Limitations of object-based feature encoding in visual short-term memory.
Journal of Experimental Psychology: Human Perception and Performance, 28(2), 458.
序論
視覚短期記憶(VSTM)における物体ベース(オブジェクトベース)の特徴符号化に関する先行研究では、異なる次元の特徴が同一オブジェクトに含まれる場合に、特徴が効率的に符号化され、干渉が少ないことが示されている。Allport(1971)の研究では、形状と色など、異なる次元の特徴は並行して符号化され、相互干渉が少ないことが報告された。一方、同じ次元(例えば2つの方向や2つの色)の特徴は、同時に符号化する際に干渉が生じ、精度が低下することが確認された。このような結果から、異なる次元の特徴は別々の処理系統(アナライザー)によって処理されるが、同一次元の特徴は同じアナライザーを共有するため、符号化に干渉が発生すると提唱された。
しかし、Duncan(1984, 1993)はこれに異を唱え、オブジェクトレベルでの特徴のグルーピングが符号化において重要な役割を果たすと指摘した。彼の研究では、同一オブジェクトに属する複数の特徴(異なる次元であっても、同一オブジェクトに所属する場合)が効率よく符号化されることが示され、異なるオブジェクトに所属する特徴よりも精度が高いことが示された。特に、異なる次元の特徴に関しては、オブジェクトレベルの符号化の優位性が顕著であった。しかし、同次元の特徴については、この優位性が示されなかった。
本研究の目的は、これらの先行研究のギャップを埋めることであり、同一次元に属する特徴(例えば2つの色や2つの方向)が同一オブジェクト内に存在する場合、オブジェクトベースの符号化の恩恵が得られるかどうかを明らかにすることである。具体的には、同次元の特徴がどの程度干渉を引き起こし、それがオブジェクトレベルでの符号化にどのような影響を与えるかを検討する。
方法
一連の5つの実験が行われた。各実験では、change-detection パラダイム(Phillips, 1974)を使用し、参加者はオブジェクトの特徴(色や方向)が変化したかどうかを判断するタスクを実施した。実験では、特徴が同じオブジェクト内に存在する場合と異なるオブジェクトに分散して存在する場合で、特徴の符号化に違いがあるかどうかを検討した。
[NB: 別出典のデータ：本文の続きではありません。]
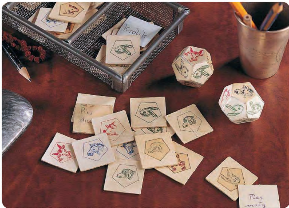
Originální hra „Chov zvířátek“ z roku 1943

U příležitosti 100. narozenin paní Borsukové, 25. výročí úmrtí jejího manžela a také u příležitosti 10. výročí obnovení výroby hry, jež nyní pod názvem Superfarmář baví další generace dětí i rodičů, přinesla Granna® na podzim roku 2007 novou, barevnější, prostornější a dynamičtější verzi, jejíž českou podobu vám nyní předkládáme.

•実験1: 対象となるオブジェクトは、2つの色(例:キノコの傘の色と茎の色)で構成された「キノコ」型のオブジェクトであった。参加者は、キノコの傘や茎の色が変わったかどうかを検出するタスクを行った。オブジェクトのパーツが結合された状態(結合ディスプレイ)と分離された状態(分離ディスプレイ)の2つの条件で実験が行われた。参加者は1つの色をモニターするか、両方の色をモニターするかが指示され、それぞれの条件下での符号化精度が測定された。
•実験2: 対象オブジェクトは、2つの異なる方向(赤いバーと緑のバー)を持つオブジェクトであった。実験1と同様に、結合ディスプレイと分離ディスプレイの条件で、1つまたは両方の方向の特徴をモニターするタスクが行われた。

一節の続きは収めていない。